More On: Bitcoin mining
The software used to mine bitcoins just got its first update since late 2012. A group of companies, including payments giant Block (formerly Square), are trying to help the open-source protocol become an industry standard.
This could make it easier for more people to mine bitcoins by letting them use slower internet connections and improving security so that miners get paid for their work.
Proof-of-work mining is how Bitcoin works. This means that miners all over the world use high-powered computers to make new bitcoin and verify transactions. Mining requires professional-grade tools, some technical knowledge, a lot of electricity, and a special kind of software.
Most miners don't access the bitcoin protocol directly anymore. Instead, they use a protocol called Stratum that acts as a middleman. Stratum makes it easy for the bitcoin network, miners, and mining pools to talk to each other. Mining pools combine the hashing power of thousands of miners from all over the world.
Miners use Stratum to send in their work and get paid when they finish a new block of transactions.
Tuesday, a group of developers working on Bitcoin will release version 2 of Stratum under an open-source license so that the mining industry can test and evaluate it.
To get the mining industry to use the new protocol, it will take some work, so Spiral, a subsidiary of Jack Dorsey's payments company Block (formerly Square), is teaming up with bitcoin mining company Braiins to start a group to test and improve the open-source software before they try to get everyone to use it.
At the moment, each mining rig in a large farm usually connects directly to a pool. A lot of energy is wasted with this setup. Lee says that Stratum V2 can work with a proxy that collects all the connections and only makes one connection to the pool.
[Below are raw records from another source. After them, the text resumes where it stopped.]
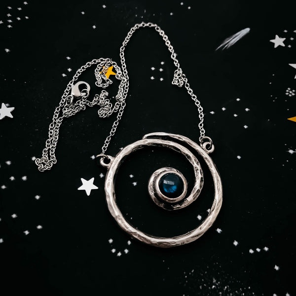 Bring the grandeur of our galaxy into view with the Milky Way Spiral Silver Pendant with Labradorite. With its hammered silver‑tone spiral design and natural labradorite stone at the center, this necklace evokes the swirling arms of the Milky Way and invites curiosity about our cosmic home. It’s perfect for students, educators, space lovers, or anyone who enjoys accessories grounded in science and style.
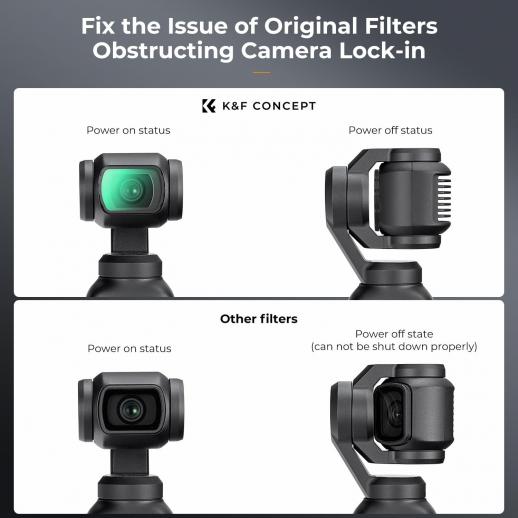 - * Magnetisk installasjon: Med det magnetiske systemet kan filteret installeres på Osmo Pocket 3-objektivet veldig raskt og enkelt.
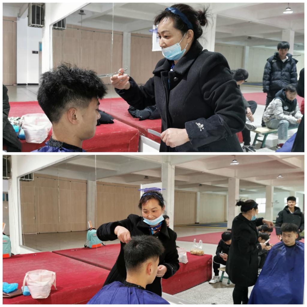 按照防疫有关要求,人人看人人摸党总支书记高立平要求理发师向门卫出示两码一证,通过测温登记后进入校园;人人看人人摸辅导员王立在体育馆一楼布置了一个临时“理发馆”,并在人人看人人摸QQ群和安康学院辅导员群发布了理发通知。
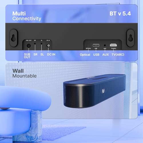 - MULTIPLE CONNECTIVITY: Supports Bluetooth v5.4, HDMI ARC, Optical IN, AUX, and USB, making it easy to pair with TVs, consoles, laptops, and media players without hassle.
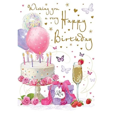 A High Quality Greeting Card and Envelope From Regal Publishing Designed and made in the UK - supporting British jobs Caption: Birthday Description: Cake and balloons Approximate size (inches): 9 x 6
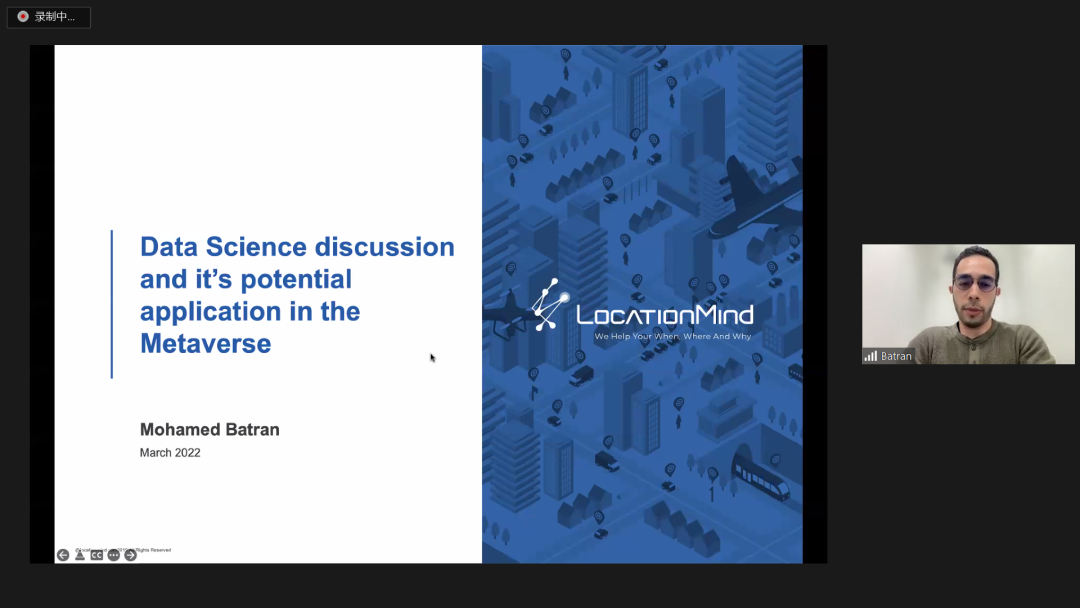 Mohamed Batran研究员带来题为“数据科学讨论及其在元宇宙中的应用”的讲座。Mohamed Batran研究员分享了自己数据科学的工作经验,进而通过多个不同案例深度讲解了元宇宙技术如何提升人们的沉浸式体验,最后提出了数据安全的重要性。

The way this data is sent is also being changed to be more efficient.
"Overall, miners and pools need to send much less data to each other," said Lee. "This could help miners in remote parts of the world with slow internet."
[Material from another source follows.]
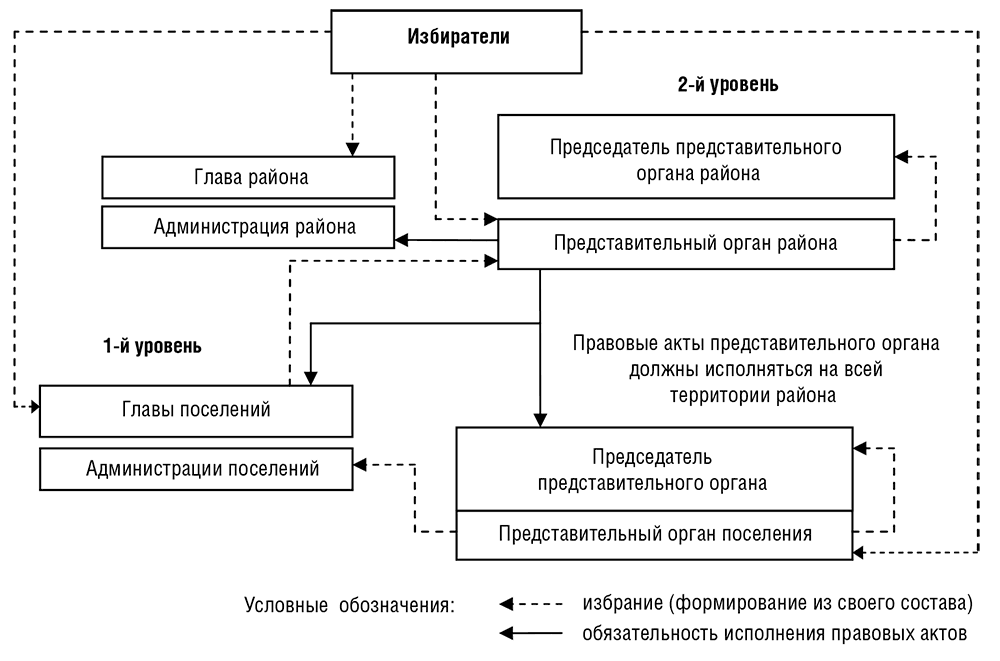 Рисунок 1.1. Организационная структура местного самоуправления в муниципальных районах [92]

The upgrade is also meant to make things safer. Today, you can steal a miner's hash rate, which can cause some miners to lose money. Hash rate is a term for how fast all of the computers on the bitcoin network work together. Lee says that Stratum V2 solves this problem by putting in place a standard security system between miners and pools. This system includes authentication and encryption.
The version being released on Tuesday is for initial testing. In early November, a more robust version will come out with more features, such as job negotiation. This is a "feature that represents a historic shift in the censorship-resistant mechanics of bitcoin mining by giving miners the ability to choose their own work," according to a statement from Spiral and Braiins.
Lee said that there are a lot more miners than pools, so if miners choose transactions, it is much less centralized than if only a few pools did it.
"Working to get the upgraded Stratum protocol used by everyone in the industry is one of the most important ways to make bitcoin's architecture more decentralized and resistant to censorship," Lee said.
As for when, the pilot and integration testing will happen this fall. Once miners and pools are sure that the new protocol works well, it is likely that more people will use it next year.
"I think the hash rate will slowly go up in 2023," Lee told CNBC. "Getting to 10% hash rate by the end of 2023 would be a big win," Lee said.
Lee also said that the new version of Stratum might not replace the old one for a few years.
"Miners are well aware of the benefits of upgrading to Stratum V2," said Jan Capek, co-founder of Braiins. "But getting the whole mining industry to get over some of the last development and adoption hurdles is a big job."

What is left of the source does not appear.